WATER, HONEY, CITRIC ACID, ARTIFICIAL FRUIT FLAVORING (in this case Strawberry), MALTODEXTRIN, ASCORBIC ACID, RED 40

TYPICAL SPORTS DRINK

NOW – Here is the list of ingredients in a typical Sports Drink.  I recently drank this stuff (I won’t tell you the NAME of this product, but it’s manufactured by Coca-Cola and it’s makeup is very similar to all the alternative brands out there):

INGREDIENTS:

WATER, HIGH FRUCTOSE CORN SYRUP, CITRIC ACID, SALT, MONO-POTASSIUM PHOSPHATE, MAGNESIUM CHLORIDE, CALCIUM CHLORIDE, GUM ACACIA, NATURAL FLAVORS, GLYCEROL ESTER OF ROSIN, VITAMIN B3, YELLOW 5, VITAMIN B12, VITAMIN B12, ASCORBIC ACID, CALCIUM DISODIUM EDTA

Sixteen ingredients, but the ugliest one is the High Fructose Corn Syrup.
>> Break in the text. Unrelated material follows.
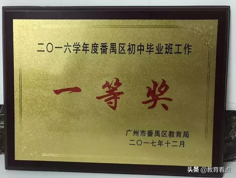 学校在番禺区初中毕业班综合评比中长期居民办学校组一等奖第一名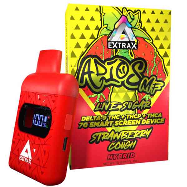 Enjoy the Delta Extrax Adios MF Disposable, featuring a smart LED display and a live sugar infusion blend of Delta-9, THC-P, THC-A Live Sugar, and Delta-8 cannabinoids

It’s nice that they have the B vitamins, but I can just take a B supplement alongside my own ‘ADE. And I can avoid the plastic, the cost, and the HFCS. And I get to have the fun of MAKING MY OWN ‘ADE IN MY OWN LITTLE FACTORY. For me it’s a no brainer. I’ll be making my ‘ADE from now on.